The conference was conceived, in 1997, in the conviction — a true one — that "the dream of a world free of racial hatred and bias remains only half fulfilled." Robinson hoped the conference would "shape and embody the spirit of the new century, based on [the] shared conviction that we are all members of the human family." But for such sentiments to be more than pious cant, those who went to Durban had to travel in a spirit of generosity, reconciliation and compromise. Few did.

The absence of those virtues was most noted in the deliberations on the Middle East, which led the U.S. and Israeli delegations to withdraw from the meeting. They had no choice. Early drafts of the official communique included language on Israel's behavior that no American or Israeli government could tolerate. But that isn't the half of it. Like all U.N. gabfests since the first Earth Summit at Rio in 1992, the conference at Durban was but the formal core of a giant carnival, something like a medieval ice fair in a Bruegel painting. Increasingly, these "forums" of non-governmental organizations have become the main event. In principle, the participation of NGOs in international meetings is to be welcomed; it opens up debate beyond the stilted language and well-rehearsed positions of the diplomats. But the practice can be very different.

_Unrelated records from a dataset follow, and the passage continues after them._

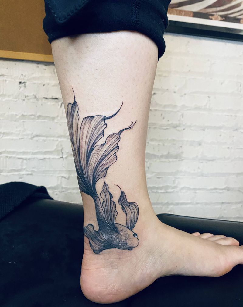 遮盖纹身图片_脚部腿部点刺纹身图案
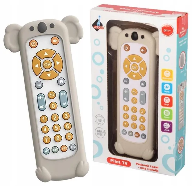 Pilot do telewizora z silikonową osłonką. - KOALA Dostępne języki: angielski, hiszpański, francuski. wymiary opakowania: 9.4x3.5x18.1 cm wiek: 6m+
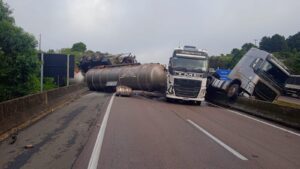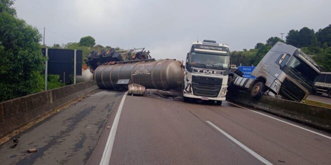 Ocorreu um acidente envolvendo caminhões na BR 277, KM 138,5, em frente ao Posto da PRF de São Luís do Purunã.
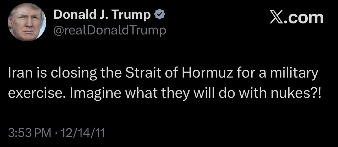 “Irán está cerrando el estrecho de Ormuz por un ejercicio militar. Imagina ¡¿que harán con armas nucleares?!”.
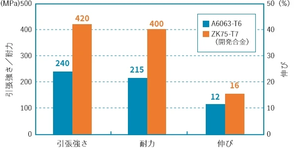- 6063の約2倍の強度を有する高強度合金です。
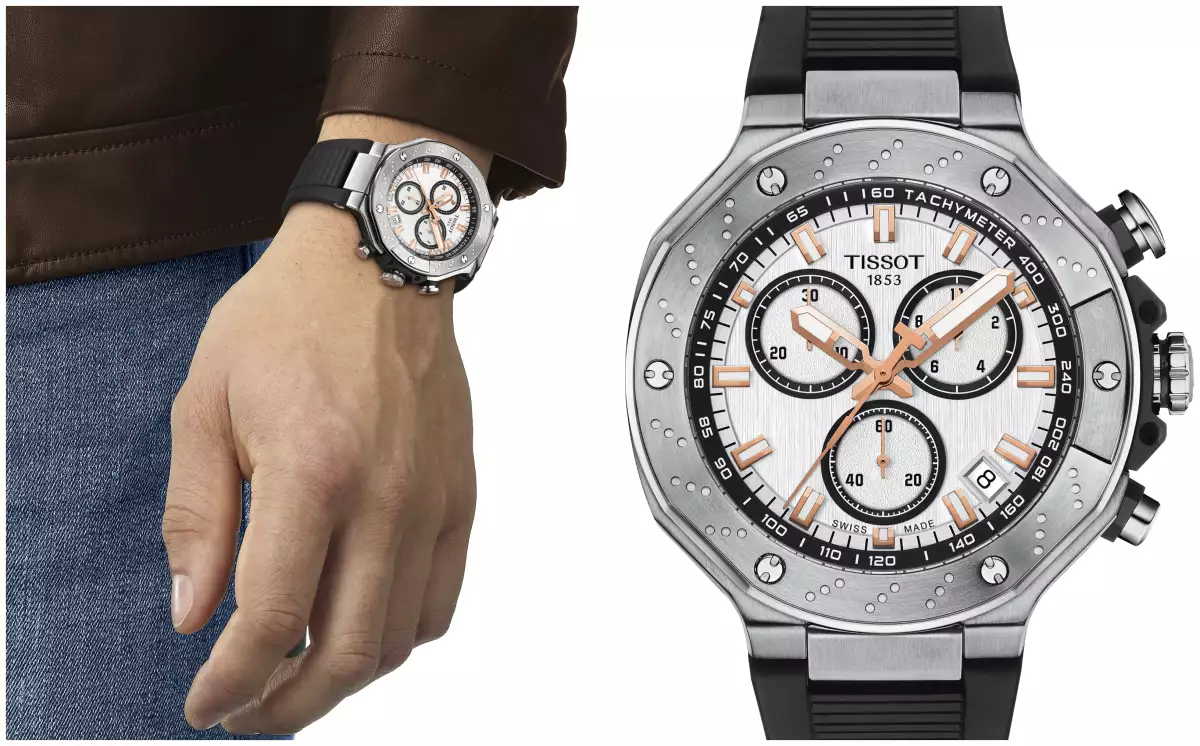 La familia T-Race de Tissot evolucionó a lo largo de los años y en esta ocasión regresa con un nuevo diseño que respeta sus raíces deportivas, pero con una esfera más elegante. Esta nueva colección se inspira en el motociclismo y la libertad; el bisel presenta un disco de freno y una pinza, los pulsadores están inspirados en los manilares y las aletas de refrigeración del motor se representan en el lateral de la caja. Es resistente al agua y con movimiento cronógrafo de cuarzo.

In Durban, the behavior of some in the NGO forum was contemptible. The Protocols of the Elders of Zion were on sale; flyers asking (approvingly) WHAT IF HITLER HAD WON? were freely displayed. In more than one place in its rambling, incoherent, 474-paragraph-long "Declaration," the forum declared Israel to be a "racist, apartheid state." (The full text of the declaration is available at www.racism.org.za. I urge readers to look at it.) Michael Salberg, a New York City attorney attending the conference as an observer for the Anti-Defamation League, says of the forum, "There is no way to have prepared myself, as an American Jew born in the second half of the 20th century, for the experience." Robinson — amid the usual encomiums to civil society and the usual criticism of the media for concentrating on divisive issues — said she was "disturbed and distressed by the vitriolic words and inappropriate content" on display. The real shock of Durban is not that the U.S. and Israel chose to leave; it is that the delegations of other democracies stayed.

But stay they did. The Europeans, in particular, stuck around to see if they could salvage something on the Middle East and forge a compromise with those African delegations seeking some compensation for the Atlantic slave trade. On the latter, in the end, the Europeans offered a sort of apology for slavery but one that fell short of opening themselves to legal liability for its consequences. The compromise reeked of hypocrisy: the Europeans adopted language they knew was costless, while the Africans wilfully ignored the continuation of slavery on their continent to the present day. The debate — which deserves to be a real one — over whether it makes sense to fund some form of compensation for the consequences of slavery is not advanced by institutionalized dishonesty like this.

Meanwhile, a few hours' flying time from Durban, in the eastern Congo basin, a war whose roots lie in European colonialism, economic exploitation and intra-African ethnic hatred continued unabated. For what happened last week, disgrace is too kind a word.